You have to learn to think like a pancreas!
I was diagnosed in 1970 and my answer is more what I wish I wasn’t told. As a 14 year old, I was told that I would probably be dead by 50, have my legs cut off and go blind if I ever ate anything sweet. So with that hanging over my head I became very rebellious and did not care about anything because I knew what my future was. I was going to die anyway. As I grew older older and realized none of that was true, I found out how much harder it is to change my lifestyle was it was set. I wish that everyone would have told me that there is actually a future and I should exercise, make wise food choices and if I fall back one day I can do better the next day. Thank goodness children have more support and more options today.
Jan – you and I were given the same poor advice by our ‘diabetologist’. It’s a-shame they were so short sighted, so I am glad we have proved them wrong!
Learn how proteins and fats affectvthe absorption of carbohydrares and learn how to adjust dosing.
I was only 6 years old so advice would have been given to my parents. I do wish I would have received any advice at all. Diagnosed, sent home, don’t eat sweets and test your urine with the test tube. I would have liked advice on finding youth camps and groups.
In 1968 I was diagnosed with brittle diabetes. We had no technology to help us day to day; no glucometers, no insulin pumps.
, no CGMs and no A1c. Our prognoses were incredibly slim and negative. The advice given was eat right, take your insulin and don’t exercise too much. Had there been good advice, it should have been ‘eat minimal carbohydrates’, ‘try to keep your urine sugar as low as possible’ and ‘adopt an active lifestyle to help metabolize the food eaten.’ Most of all ‘keep a positive attitude!’ I developed each of these practices and have been free of complications the entire time. With today’s technology we have the tools to out live all of our non-diabetic peers. Keep your chin up and live!!!
Prebolus
In the 1950s I was not given any good advice !!!

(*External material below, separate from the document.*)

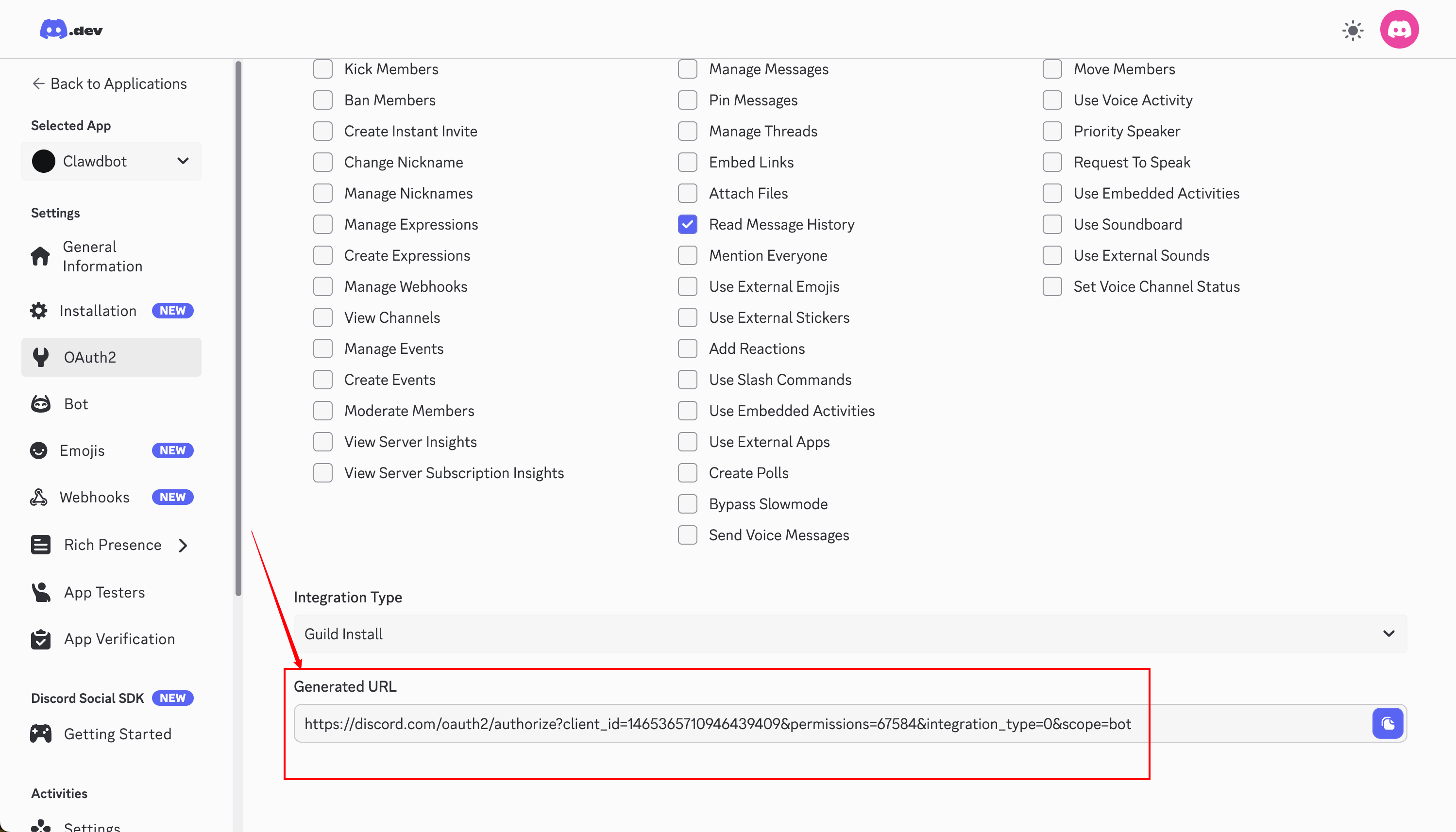 在 Bot Permissions 中勾选 Send Messages 和 Read Message History。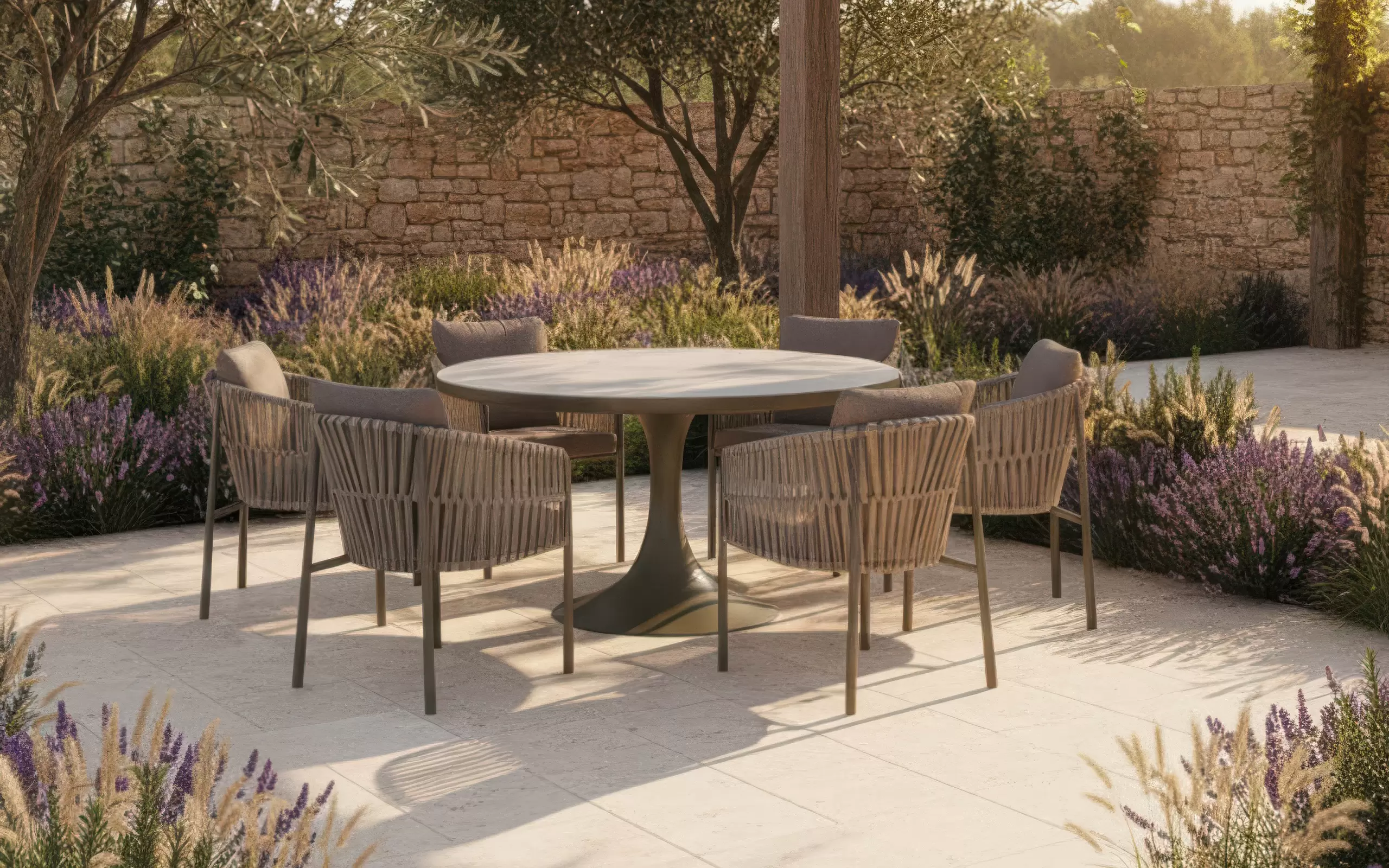 Zestaw VALENCIA Taupe to przemyślany dialog między barwami ziemi a nowoczesną strukturą materiałów. Subtelne przejścia tonalne między taupe a beżem poduszek oraz perłową ceramiką sprawiają, że komplet ten staje się elegancką, a zarazem niezwykle komfortową bazą do aranżacji tarasów o najwyższym standardzie.

I wish I would have found an Endo from the start 18 years ago! I was Diagnosed as a type II and treated as type II with medications for type II by my regular family physician and OB for my pregnancy and then continued with GP for three years afterward being treated as a type 2!
NO ONE told me about an ENDO or a Peptide test! That is ALL it takes to see if you are type 1 or type 2 is a peptide test to see how much insulin or if any your pancreas is producing. (NOR DID MY GP or GYN even know what it was!) GP do not know enough about diabetes to treat anyone! All diagnosed diabetics should right away be referred to a ENDO diabetic specialist! There is such a shortage for ENDO’s in our area! Seems now the demand is higher there would be a push for more diabetic Endo’s!
I was soooooooo sick the entire time I took pills/metformin with my IBS and sensitive stomach! I missed a lot of work and life was miserable!
INFORM… GP’s about the peptide test!!!
AND… GP’s refer any patients that have a high BG and then high A1C directly to a diabetic ENDO! Do not try to treat something you don’t know much about!
The internet didn’t commonly exist yet in 1984. But I would today say find online supportive resources ASAP! Even at 40 years T1D, I have learned SO MUCH from healthy T1 forums on blogs, websites, and groups such as T1 Reddit threads. Also I have LAUGHED so much, so great communicating with so many others who share the little things no one else will ever fully understand. T1s are SO HELPFUL and supportive to each other with issues, questions, jokes, advice, or just understanding a rant. There’s a whole community out there, link in!
You can do anything but join the Military or eat poison. Don’t let Type 1 stop youself for success.
*yourself
Develop healthy coping habits. and strong routines related to diabetes care tasks.
I wish I had gotten a pump and CGM immediately instead of waiting 14 years after diagnosis. They have made all the difference in my health and mental wellbeing.
Things have changed so much since then and we know so much more about T1D that this is a difficult question to answer. I guess that I would have liked more positive encouragement.